For Bermaz Auto Bhd, the distributor of Mazda vehicles and spare parts in Malaysia, its concerns are centred on two themes: compliance with energy efficient vehicle (EEV) standards and exports.

“Our wish for Budget 2018 is for the government to push lower-priced cars to be EEV-compliant, instead of offering incentives to premium hybrid manufacturers, who don’t help the domestic automotive industry much without any large CKD (completely knocked down) volumes,” said Bermaz Auto executive director Datuk Francis Lee Kok Chuan.

EEVs are vehicles that meet a set of defined specifications in terms of carbon emission levels and fuel consumption, and include fuel-efficient vehicles, hybrids, electric vehicles and alternatively fuelled vehicles. Lee said all Mazda models, except for the BT50 pickup truck, are certified EEVs.

Meanwhile, CKD vehicles are those imported in parts and transported to an assembly plant in the target country, where all these parts are then assembled into complete units.

With the incentives provided under the NAP 2014, vehicles qualified as EEVs by the government get to enjoy tax exemptions between 10% and 40%, which can substantially lower their price tags. This was why premium automakers such as Mercedes-Benz Malaysia and BMW Group Malaysia have been able to sell their vehicles at slightly lower prices.

Lee further suggested that more incentives be provided for “those who genuinely export cars from Malaysia to support the industry and help transform the country into an automotive hub in the region”.

“The challenge for exporters like ourselves is to bring costs down, in order to be competitive for the export markets. The regional markets are very competitive with so much protectionism by various countries,” he said. Mazda Japan, as The Edge Financial Daily reported in April, is very bullish on Asean and wants to support Mazda Malaysia in making the country its exporting hub to the region. Mazda Malaysia is 30%-owned by Bermaz Auto.

However, automotive analysts said chances are the budget will contain minimal — if any — goodies for the automotive sector.

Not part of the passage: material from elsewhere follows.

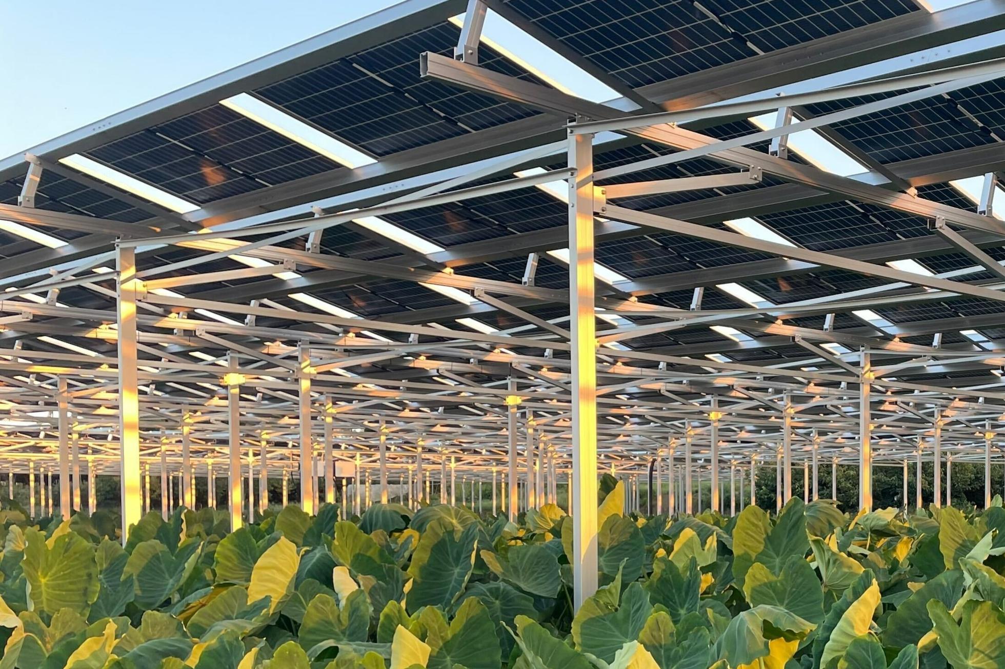 実際の営農型太陽光発電所の様子。気候変動に悩まされる農業。しかしパネルの下だからこそ、立派に作物が育ちます。

“There are usually minimal goodies for the automotive sector if we look at previous budgets. Of course, a bonus for industry players would be a reduction in the excise duties, [which] for consumers, [means] cheaper cars. But this means the NAP will have to be amended, which we don’t expect to happen for now,” UOB Kay Hian Securities (M) Sdn Bhd’s automotive analyst Fong Kah Yan said.